In a stunning opinion, the Sixth Circuit just concluded in Ohio State Conference of the National Association for the Advancement of Colored People v. Husted (PDF) that the State has held illegal elections from 1803 until 2005 that unconstitutionally burdened the right of Ohioans to vote. So let’s set aside the snark for a moment. What did the court say? In 2005, the Republican-controlled Ohio legislature enacted a series of election changes in House Bill 234. It developed no-fault early voting and allowed for early in-person voting at least 35 days before the election. Because voters must register at least 30 days before an election, there was a five-day period in which a voter could register to vote and vote on the same day. In 2014, the Republican-controlled Ohio legislature enacted additional changes via Senate Bill 238, including moving the first day of early voting to the day after the close of voter registration–essentially, 28 days of early-voting. (Additionally, the governor had instituted standardized early in-person voting hours across counties, the focus of additional litigation.) So prior to 2005, Ohio had zero days of early in-person voting; until 2014, it was 35 days; and the legislature amended that to 28 days. That, the Sixth Circuit says, is unconstitutional.

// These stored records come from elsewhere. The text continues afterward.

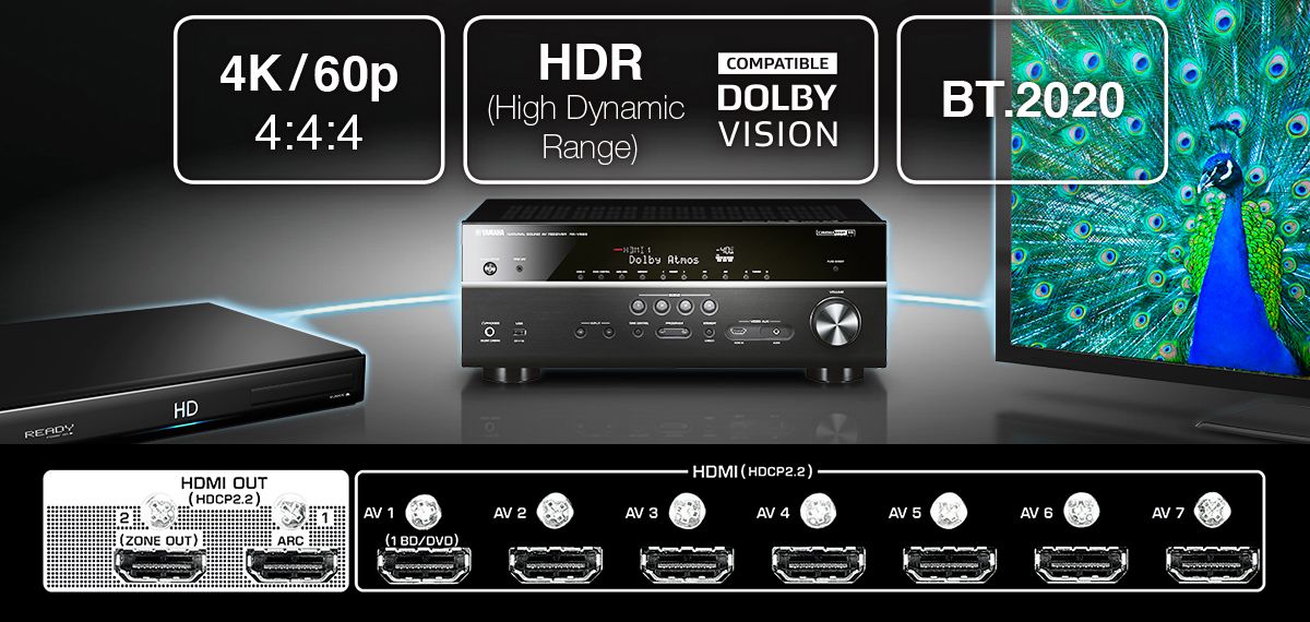 С RX-A1070 вы не просто получаете разъемы HDMI, которые проходят через UHD 4K, вы также получаете встроенное масштабирование 4K. Это означает, что при условии, если у вас есть телевизор UHD 4K, все ваши источники видео высокой четкости можно просматривать до 4K. Ресивер также имеет восемь входов HDMI. Разъемы совместимы с HDR10, Dolby Vision, HLG, HDCP2.2 и BT.2020 для полной совместимости с форматами и источниками HD.
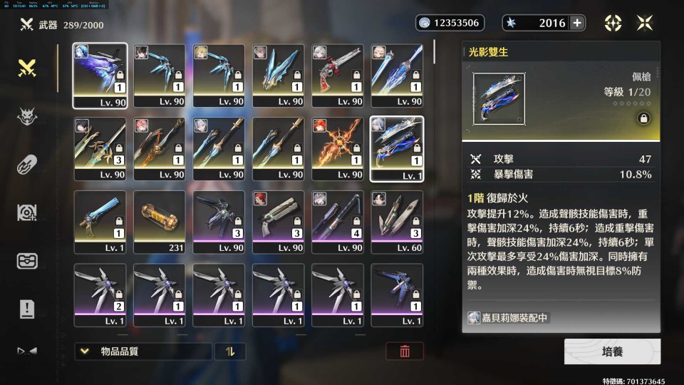 【80等、14金角、12金武】多角色幾乎都有專武 6+1卡提 2+1長離(可議價)
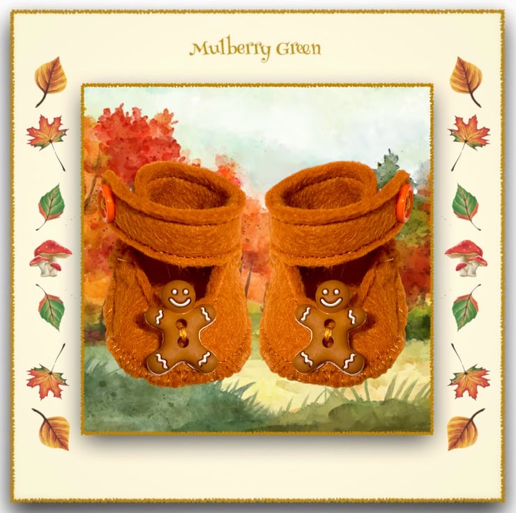 A little pair of tan shoes, decorated with little gingerbread men, to fit the Mulberry Green characters. The shoes look lovely with the little dresses.
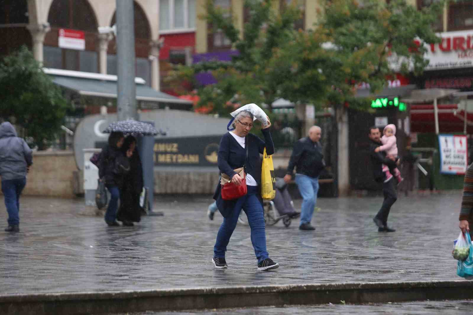 Bursa’da aniden bastıran sağanak yağış, etkili oldu.
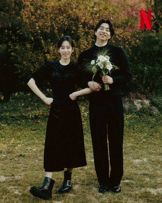 사진 속 공유, 서현진은 서로 햄버거를 나눠 먹으며 행복한 일상을 보내고 있는 모습. 두 사람은 올블랙 착장에 하얀색 부케를 들고 팔짱을 낀 채 환하게 웃고 있다. 한 편의 웨딩 화보를 연상케 하는 공유, 서현진의 사랑스러운 호흡이 눈길을 끈다.
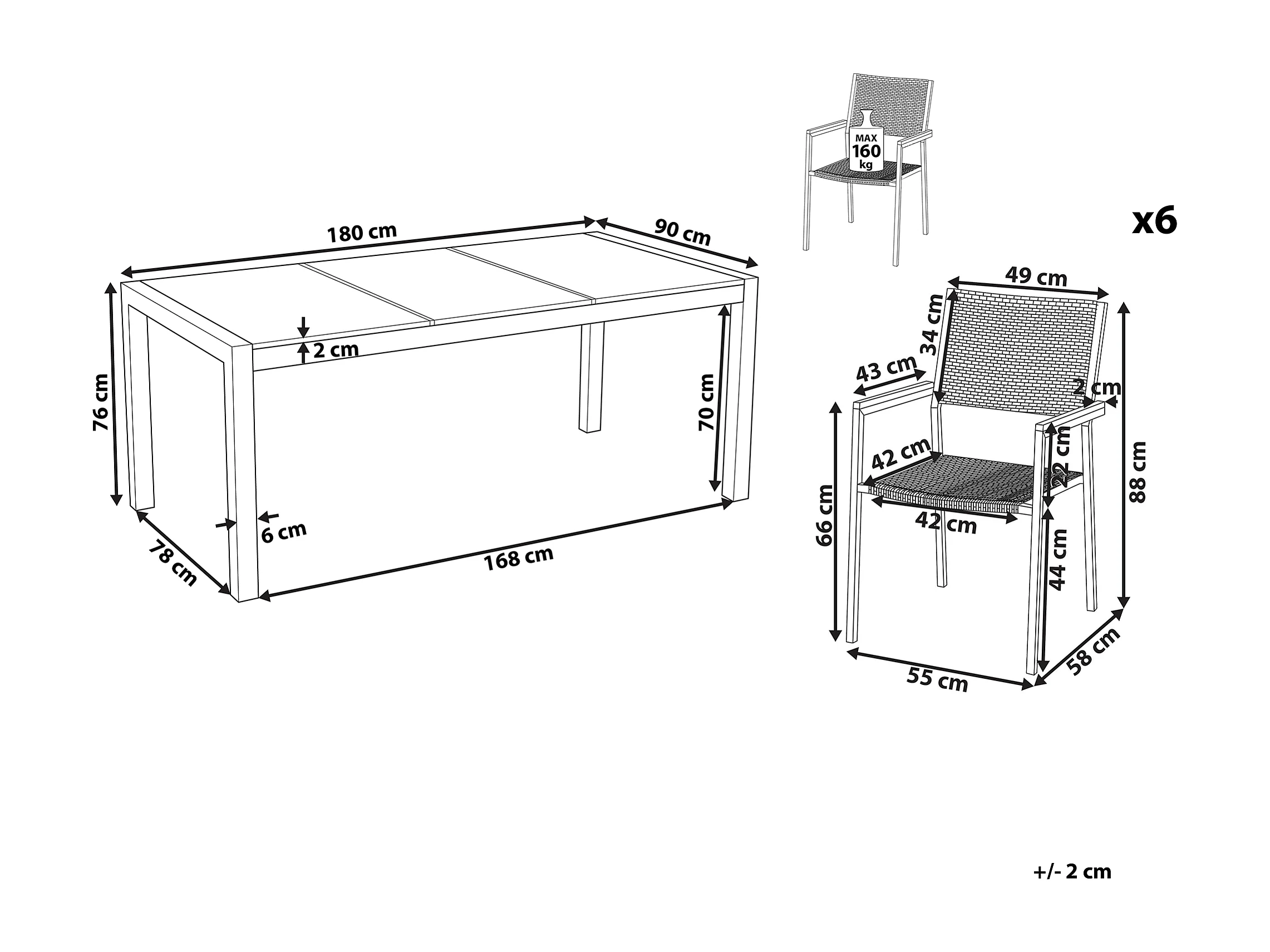 Tuinset 6-zitter GROSSETO Driedubbele plaat Basalt Gevlamd Zwart
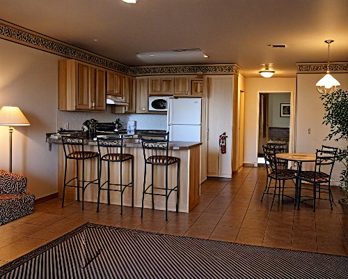 Accommodations at the resort span four individual buildings. Condos are arranged into one-, two-, and three-bedroom spaces, while the four-bedroom Alpine Chalet-Cabin offers a more private escape ideal for larger groups. Units are modeled after Midwest mountain lodges, offering comfortable homelike furnishings to ensure everyone's total comfort. You'll find that your Barefoot timeshare includes amazing in-unit features like full kitchens, private balconies, multiple bathrooms, fireplaces, and even your own laundry machines for the utmost convenience.
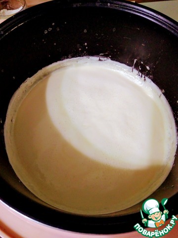 Мешая постепенно добавить молоко. Всё хорошо перемешать. Вылить в чашу мультиварки. Включаем Режим СУП. Постоянно помешиваем, как только закипит, Переключаем на режим ВЫПЕЧКА. Постоянно помешиваем, иначе начнёт пригорать!
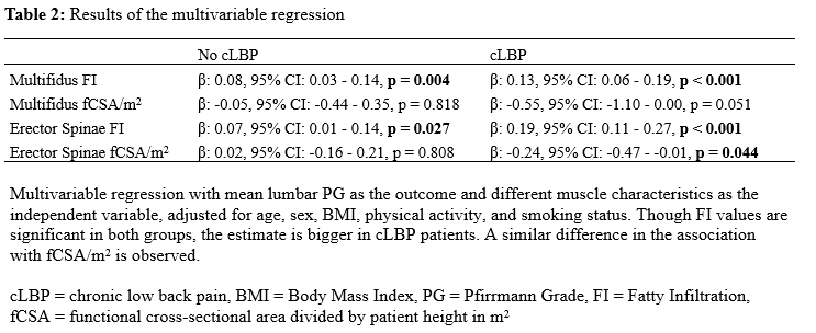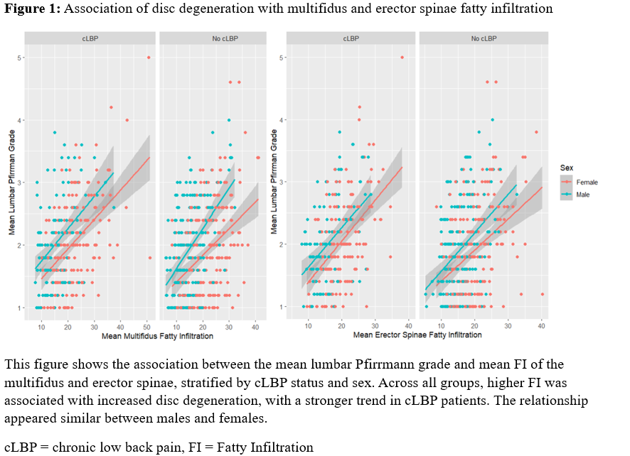 Material and methods: Participants aged 18 to 64 with and without chronic low back pain (cLBP) were prospectively enrolled from the general population. Paraspinal muscle atrophy was assessed on T2-weighted axial MRI by measuring fat infiltration (FI) and functional cross-sectional area (fCSA) of the multifidus (MF) and erector spinae (ES) at each lumbar level. FI and fCSA values were averaged across all lumbar levels to reflect overall muscle condition. Lumbar disc degeneration was classified according to the Pfirrmann Classification at each level, and a mean lumbar value was calculated. The association between muscle and disc degeneration was analyzed in participants with and without cLBP using multivariable linear regression models, adjusted for age, sex, Body Mass Index (BMI), physical activity, measured by the International Physical Activity Questionnaire (IPAQ), and smoking.
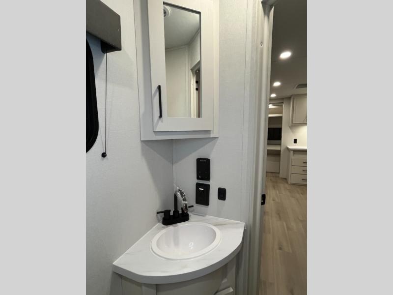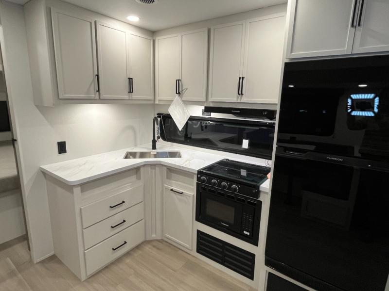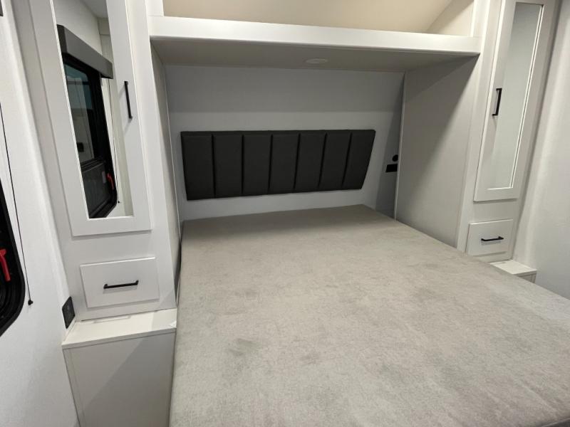 The Momentum MAV toy hauler travel trailers by Grand Design are designed to provide exactly what you need. The spacious garage provides tons of cargo space, with no wheel wells to get in the way. Additional storage includes magnetic storage door catches, and overhead consoles throughout. Conveniences like motion sensor lights and USB outlets will make your life easier, and you will be comfortable in all seasons with the 30K BTU furnace plus 15K BTU ducted air conditioning. The standard Solar Package comes with a 180W solar panel, a 40 Amp charge controller with Bluetooth, and a 12V refrigerator so you can go off-grid when the adventure calls for it.

It concludes that this cutback “significantly burdened” African American, lower-income, and homeless voters, so the law was subject to heightened scrutiny.
On what basis? The court notes that African Americas, lower-income individuals, and the homeless are distrustful of voting by mail; the complexities of voting by mail complicate efforts from these affected groups; and that lower-income voters’ reliance on public transportation and wage-based jobs would create difficulties in voting in the 28-day period instead of the 35-day period.
So, it logically follows, that must mean that Ohio’s decision to have zero early voting days from 1803 until 2005 was also unconstitutional. Those reasons, after all, certainly have applied for centuries to the same groups (with perhaps concessions to the nature of “public transportation” in the early nineteenth century).
Strictly speaking, I suppose, the Equal Protection Clause wasn’t enacted until 1868, and the Supreme Court’s opinion in William v. Rhodes subjecting election laws to some kind of Equal Protection analysis didn’t come down until 1968.
But the court also notes that these groups “disproportionately have used in past elections the EIP voting times that . . . SB 238 eliminated, and that the number of individuals who have previously voted during these periods was not insignificant.”